Patent Damages

WDPA relies on Lucent to allow royalty base of entire product revenue where rate is sufficiently small

On November 13, 2013, Judge Caldwell of the Western District of Pennsylvania issued an order in Kimberly-Clark Worldwide, Inc. v. First Quality Baby Products, LLC, Civil No. 1:09-CV-1685, addressing motions in limine. Defendant First Quality (FQ) sought to prevent Kimberly-Clark’s expert, Julie L. Davis, from offering opinions or otherwise testifying on damages. FQ attacked two parts of Ms. Davis’ opinions: (1) her computation of reasonable royalty using the entire revenue of the accused diapers as the base; and (2) her use of allegedly comparable licenses. The court denied both motions. The decision on issue (1) is interesting because the court cited the well-known language from Lucent where the court indicated that the base “can always be the value of the entire commercial embodiment, as long as the magnitude of the rate is within an acceptable range (as determined by the evidence).” Lucent, 580 F.3d at 1338-39.

The accused products were FQ’s disposable diapers and incontinence products, and the patents were directed to a variety of components or features of these products, including the configuration of elastics, absorbency technology, and graphics. Slip op. at 5. FQ moved to exclude Davis’ opinions because “she used FQ’s ‘total revenue’ from sales of the allegedly infringing products as the royalty base for her running royalty calculation.” Id. FQ argued that Davis’ opinions were improper because she failed to demonstrate that the patented features “created the demand for the products as a whole.” Id.

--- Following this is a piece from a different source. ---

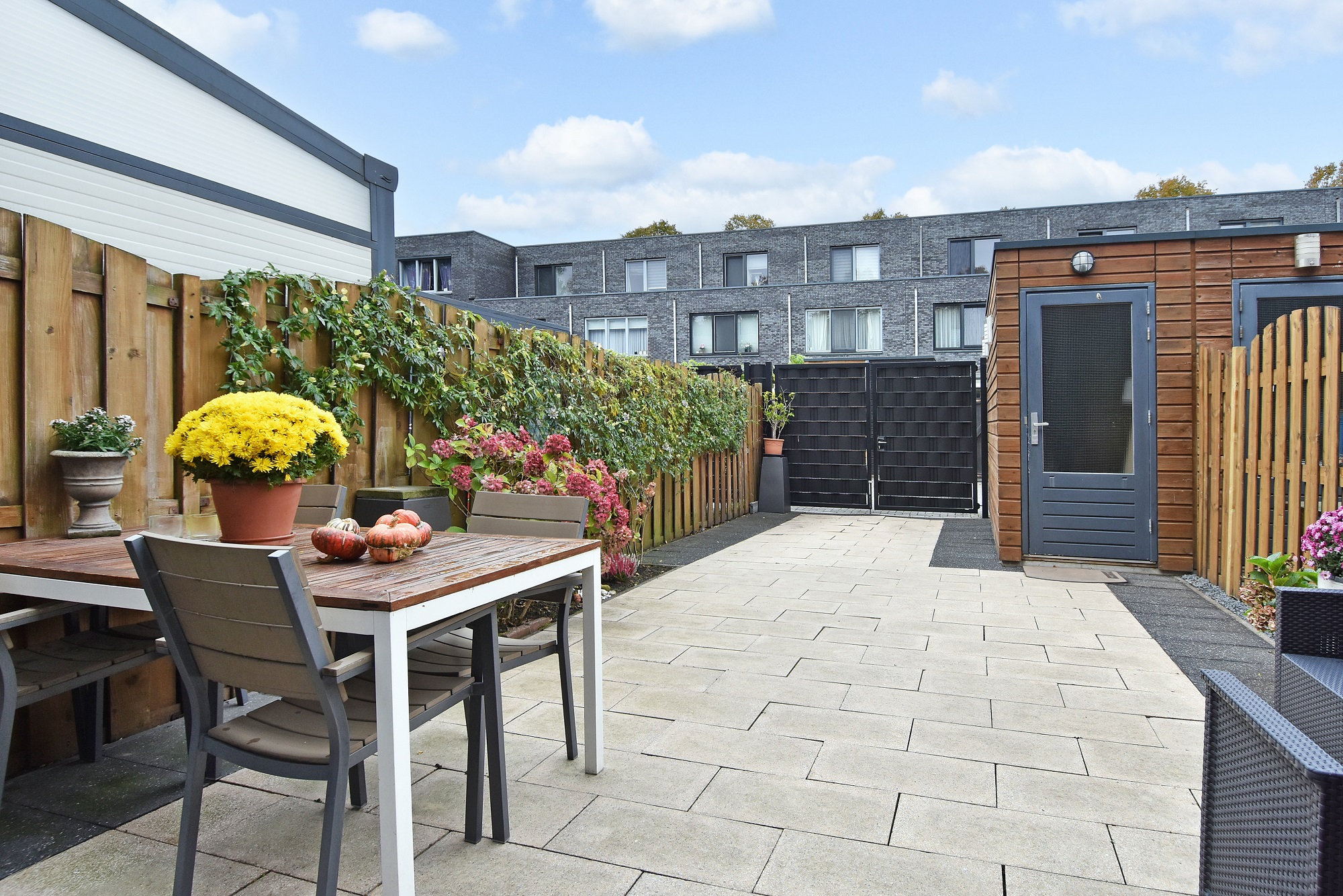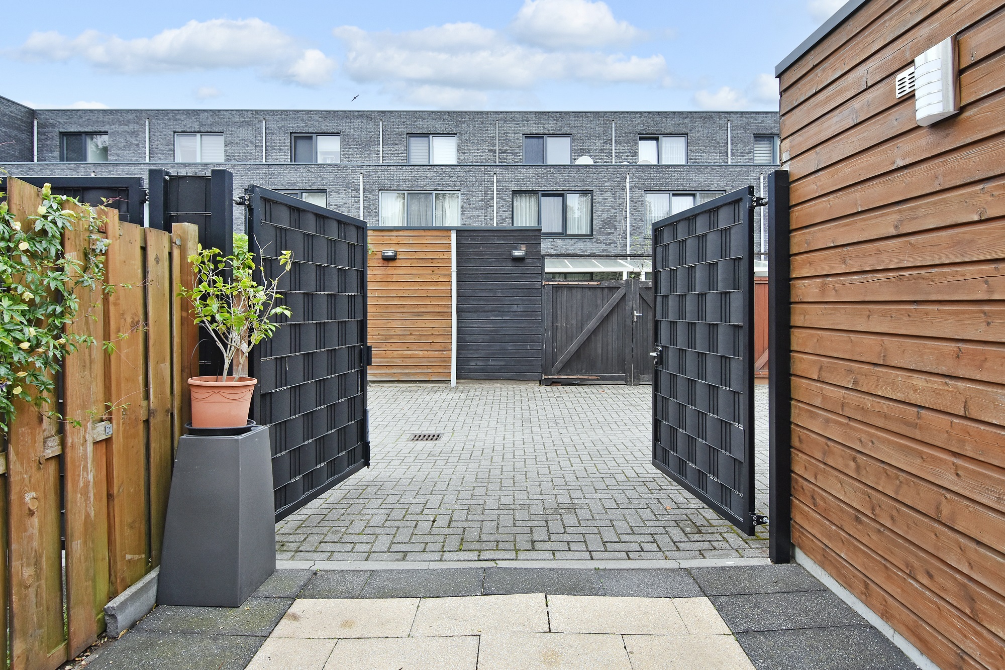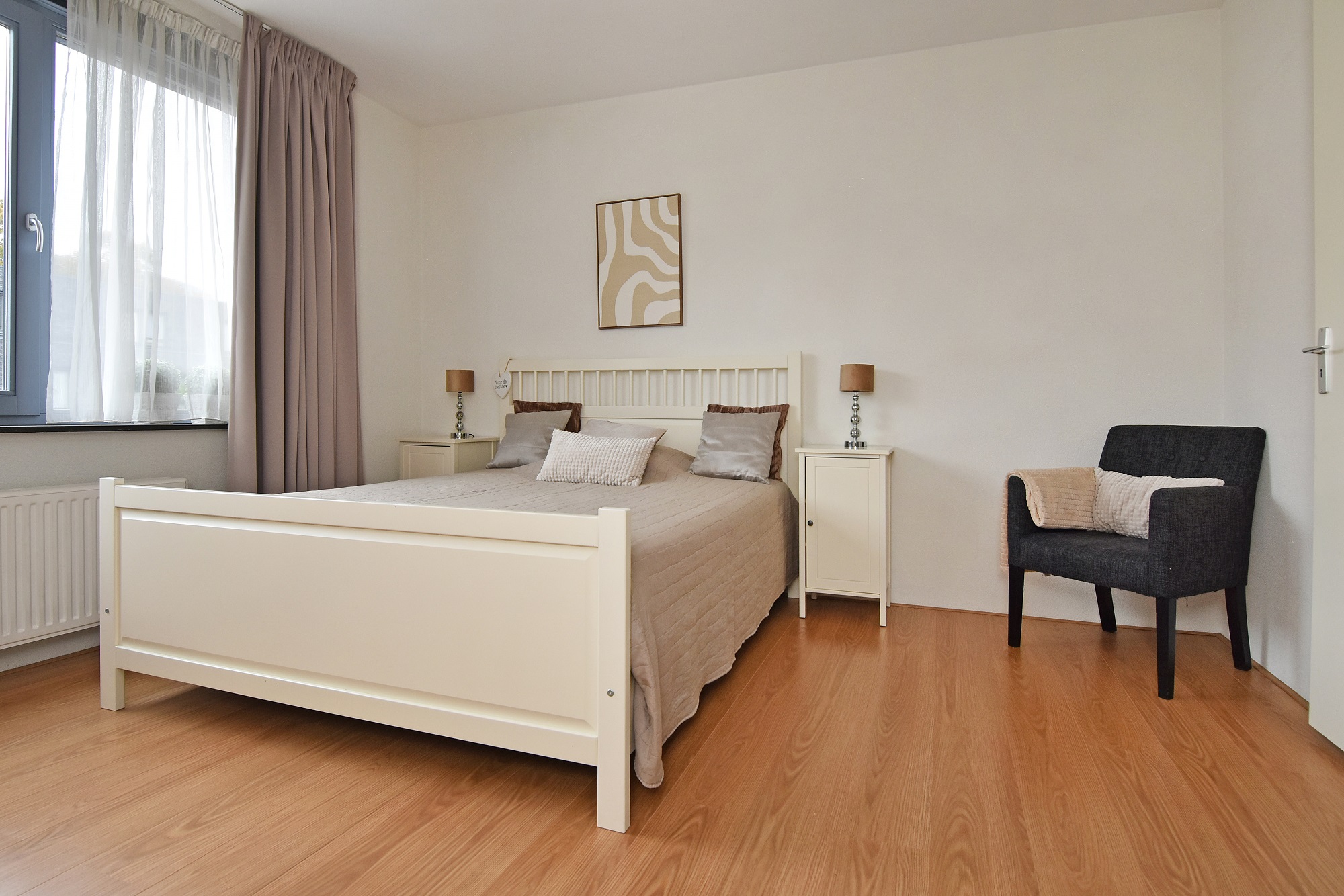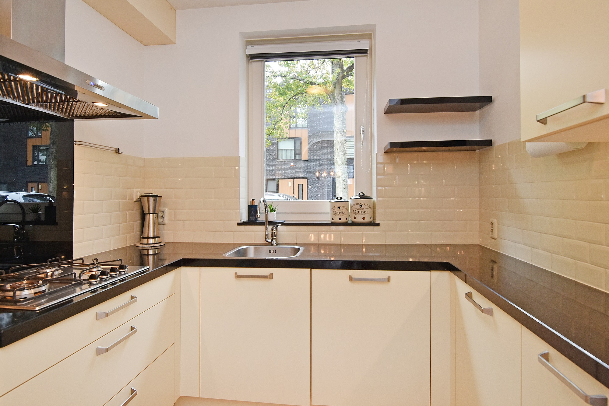 Geheel betegelde voortuin; entree woning; hal met meterkast; net toilet met fonteintje; ruime woonkamer met provisiekast; nette keuken met keukenblok met onder - en bovenkasten, natuurstenen aanrechtblad, gascomfort, afzuigkap, oven, magnetron, koelkast, vriezer en vaatwasser; geheel betegelde zonnige achtertuin met waterkraan en houten schuur met verlichting; parkeerplaats in de achtertuin bereikbaar via afgesloten terrein met elektrische poort met camerabewaking; trap in de hal naar de eerste etage; ruime overloop; nette badkamer met wandcloset, inloopdouche, ligbad/douche en handdoekdroger/designradiator; twee ruime slaapkamers; trap op de overloop naar de tweede etage; ruime overloop; slaapkamer aan de achterzijde; ruime slaapkamer aan de voorzijde; wasruimte met wasmachine-aansluiting en c.v.-ketel. (Volledige afmetingen op de laatste foto's!)

The court rejected this argument—without directly discussing the entire market value rule, other than the quote directly above—on the ground that her methodology was consistent with the language from Lucent: “multiplying the value of the finished product (the royalty) base by a single-digit rate (the royalty rate) to account for the infringing component’s proportional value of the finished product.” Slip op. at 6. The court also may have been swayed by the “single-digit” rate used by Davis, coupled with the fact that Lucent had observed: “There is nothing inherently wrong with using the market value of the entire product [as the royalty base], especially when there is no established market value for the infringing component or feature, so long as the multiplier accounts for the proportion of the base represented by the infringing component or feature.” 580 F.3d at 1339.

The court also rested its opinion on another factor—prior licenses on which Davis relied employed this same methodology. Slip op. at 6 (indicating that Lucent had noted “that prior licenses admitted into evidence ‘highlight[ed] how sophisticated parties routinely enter into license agreements that base the value of the patented inventions as a percentage of the commercial products’ sales price’”). The court did not elaborate on the licenses, but did cite the following diaper case in the paragraph just above its mention of the licenses: P & G Co. V. Paragon Trade Brands, Inc., 989 F. Supp. 547, 613 (D. Del. 1997) (awarding a “royalty rate of 2% of the net sales price” of infringing disposable diaper that incorporated patented advancements in the barrier leg cuff feature).

This case is a good example of how plaintiffs can capitalize on these statements from Lucent. Given the right circumstances and the right court, the plaintiff can skirt the entire market value rule by setting, e.g., a “single-digit” (or even fractional) rate and arguing that the rate compensates for use of the entire product value as the base, dispensing with the need to prove the patented feature drives demand for the entire product.